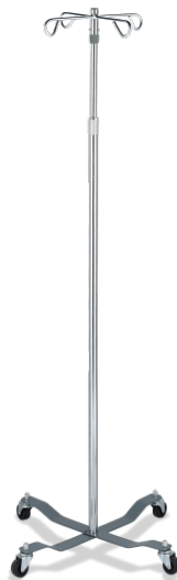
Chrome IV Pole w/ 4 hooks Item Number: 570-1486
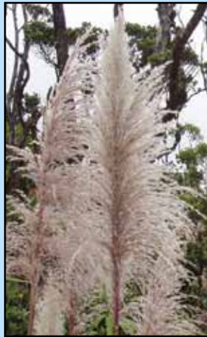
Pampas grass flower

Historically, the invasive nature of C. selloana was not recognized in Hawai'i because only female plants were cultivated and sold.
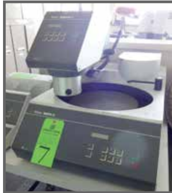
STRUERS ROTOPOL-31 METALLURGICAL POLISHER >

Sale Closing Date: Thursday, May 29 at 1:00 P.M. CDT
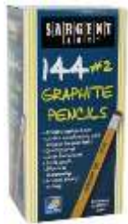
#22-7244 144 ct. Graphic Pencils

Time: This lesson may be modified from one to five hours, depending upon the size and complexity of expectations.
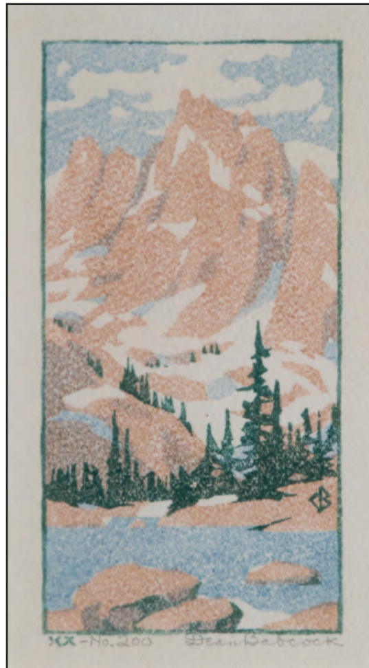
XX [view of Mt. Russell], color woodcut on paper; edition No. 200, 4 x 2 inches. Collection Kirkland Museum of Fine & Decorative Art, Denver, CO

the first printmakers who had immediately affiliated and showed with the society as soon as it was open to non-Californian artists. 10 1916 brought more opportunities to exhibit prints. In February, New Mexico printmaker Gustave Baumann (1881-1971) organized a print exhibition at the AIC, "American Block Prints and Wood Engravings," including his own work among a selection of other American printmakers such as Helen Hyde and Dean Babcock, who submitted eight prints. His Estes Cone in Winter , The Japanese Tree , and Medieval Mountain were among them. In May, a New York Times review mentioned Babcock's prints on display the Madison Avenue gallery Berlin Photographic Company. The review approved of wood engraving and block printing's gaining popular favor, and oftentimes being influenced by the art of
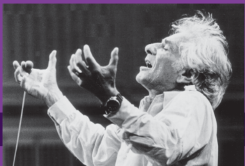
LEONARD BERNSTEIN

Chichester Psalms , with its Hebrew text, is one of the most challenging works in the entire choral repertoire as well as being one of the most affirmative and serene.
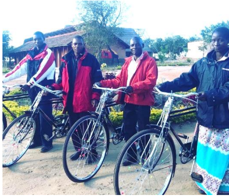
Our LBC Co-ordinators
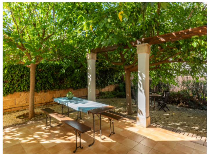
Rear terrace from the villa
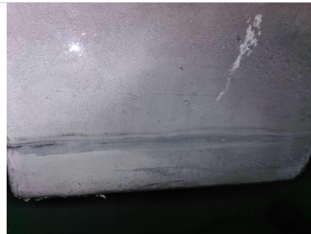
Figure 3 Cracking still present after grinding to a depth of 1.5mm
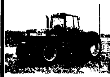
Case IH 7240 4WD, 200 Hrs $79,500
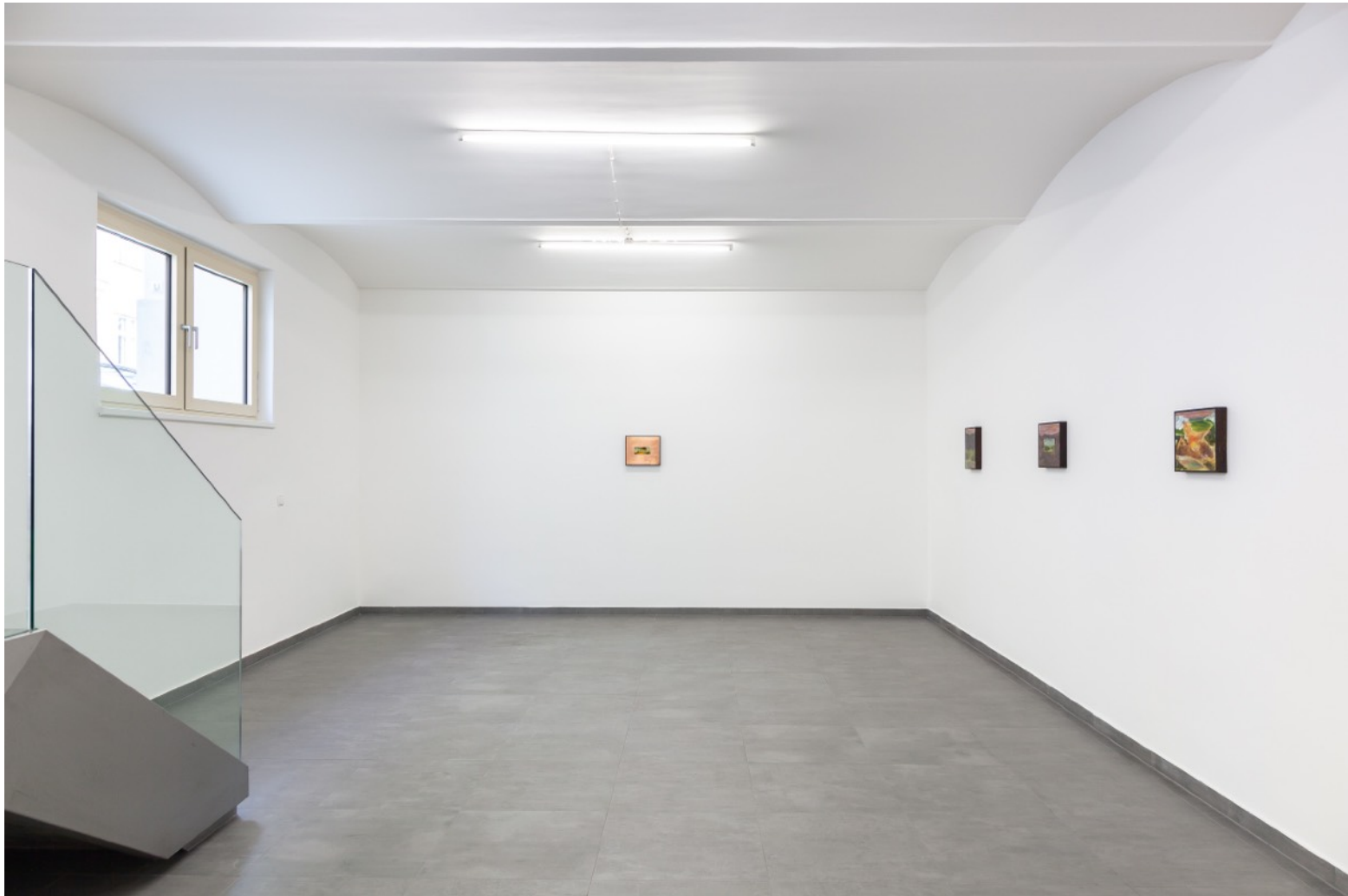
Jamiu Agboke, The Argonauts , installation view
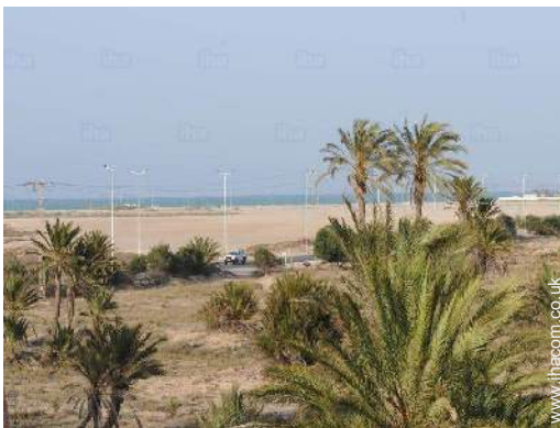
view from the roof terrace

--------------------------------------------------

Please copy the entries in full. Leave each image out.

Chrome IV Pole w/ 4 hooks Item Number: 570-1486
Pampas grass flower

Historically, the invasive nature of C. selloana was not recognized in Hawai'i because only female plants were cultivated and sold.
STRUERS ROTOPOL-31 METALLURGICAL POLISHER >

Sale Closing Date: Thursday, May 29 at 1:00 P.M. CDT
#22-7244 144 ct. Graphic Pencils

Time: This lesson may be modified from one to five hours, depending upon the size and complexity of expectations.
XX [view of Mt. Russell], color woodcut on paper; edition No. 200, 4 x 2 inches. Collection Kirkland Museum of Fine & Decorative Art, Denver, CO

the first printmakers who had immediately affiliated and showed with the society as soon as it was open to non-Californian artists. 10 1916 brought more opportunities to exhibit prints. In February, New Mexico printmaker Gustave Baumann (1881-1971) organized a print exhibition at the AIC, "American Block Prints and Wood Engravings," including his own work among a selection of other American printmakers such as Helen Hyde and Dean Babcock, who submitted eight prints. His Estes Cone in Winter , The Japanese Tree , and Medieval Mountain were among them. In May, a New York Times review mentioned Babcock's prints on display the Madison Avenue gallery Berlin Photographic Company. The review approved of wood engraving and block printing's gaining popular favor, and oftentimes being influenced by the art of
LEONARD BERNSTEIN

Chichester Psalms , with its Hebrew text, is one of the most challenging works in the entire choral repertoire as well as being one of the most affirmative and serene.
Our LBC Co-ordinators
Rear terrace from the villa
Figure 3 Cracking still present after grinding to a depth of 1.5mm
Case IH 7240 4WD, 200 Hrs $79,500
Jamiu Agboke, The Argonauts , installation view
view from the roof terrace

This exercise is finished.